Only the lines below from the one that contains "Chinese President Xi" through the one that contains "The uniquely soft, pleated" should appear in your answer, exact and without pictures.

Data:
=====
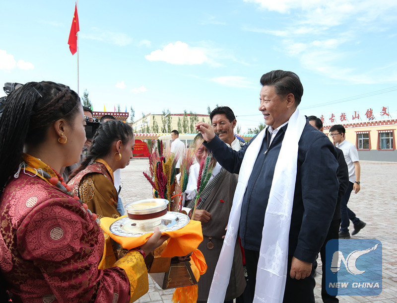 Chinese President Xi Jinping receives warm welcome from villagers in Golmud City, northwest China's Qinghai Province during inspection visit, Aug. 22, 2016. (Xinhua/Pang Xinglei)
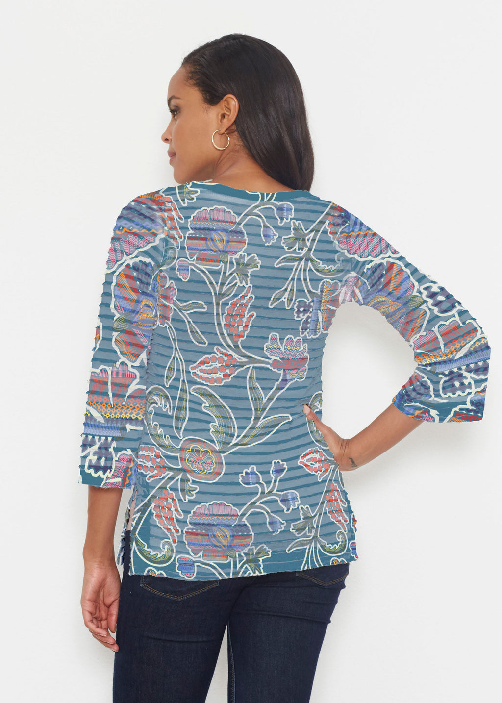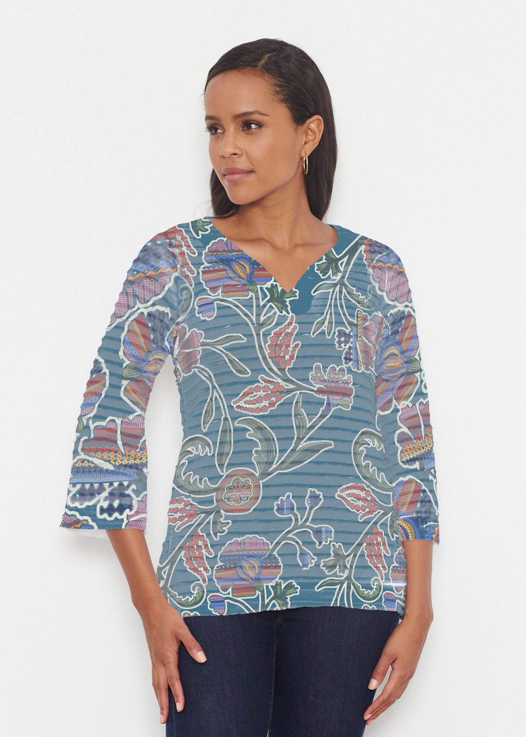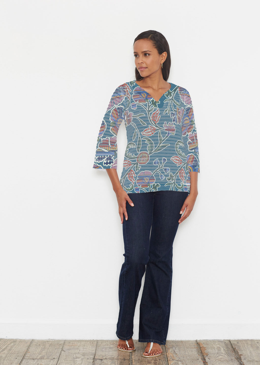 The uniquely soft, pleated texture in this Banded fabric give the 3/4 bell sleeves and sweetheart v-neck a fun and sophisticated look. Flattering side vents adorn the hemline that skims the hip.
=====
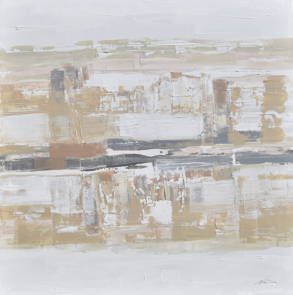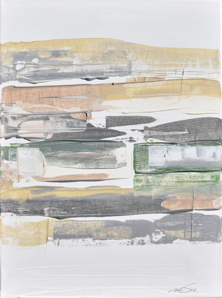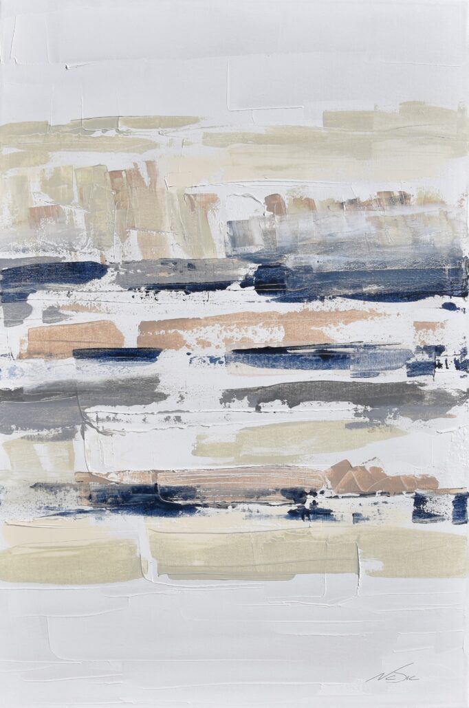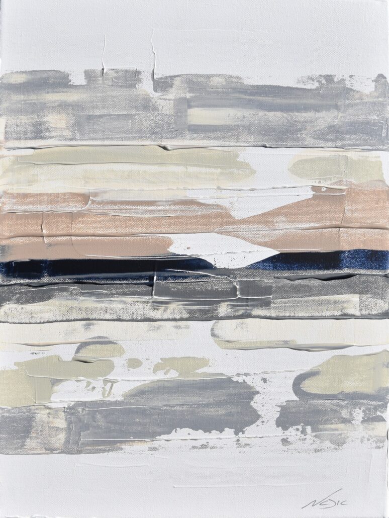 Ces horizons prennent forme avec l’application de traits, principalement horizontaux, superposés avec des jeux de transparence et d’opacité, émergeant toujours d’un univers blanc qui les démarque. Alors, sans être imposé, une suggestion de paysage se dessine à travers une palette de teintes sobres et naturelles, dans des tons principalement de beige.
=====
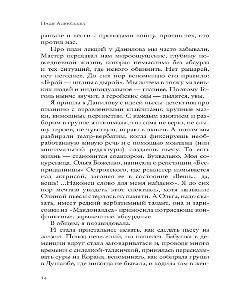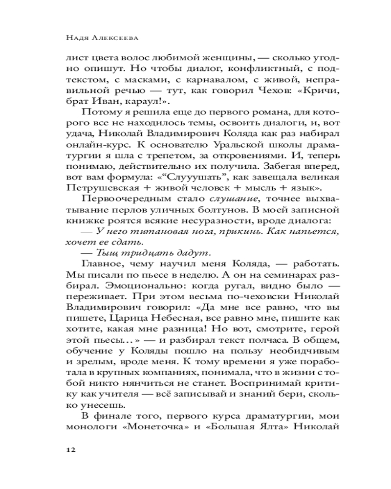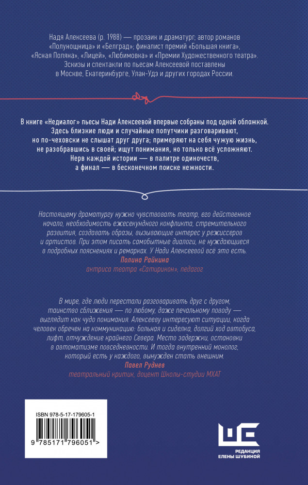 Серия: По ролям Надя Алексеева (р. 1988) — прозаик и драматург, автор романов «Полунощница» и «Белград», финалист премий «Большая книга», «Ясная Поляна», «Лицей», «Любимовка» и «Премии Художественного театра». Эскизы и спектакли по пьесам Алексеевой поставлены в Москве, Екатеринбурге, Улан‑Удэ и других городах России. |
=====
Answer area:
 Chinese President Xi Jinping receives warm welcome from villagers in Golmud City, northwest China's Qinghai Province during inspection visit, Aug. 22, 2016. (Xinhua/Pang Xinglei)
 The uniquely soft, pleated texture in this Banded fabric give the 3/4 bell sleeves and sweetheart v-neck a fun and sophisticated look. Flattering side vents adorn the hemline that skims the hip.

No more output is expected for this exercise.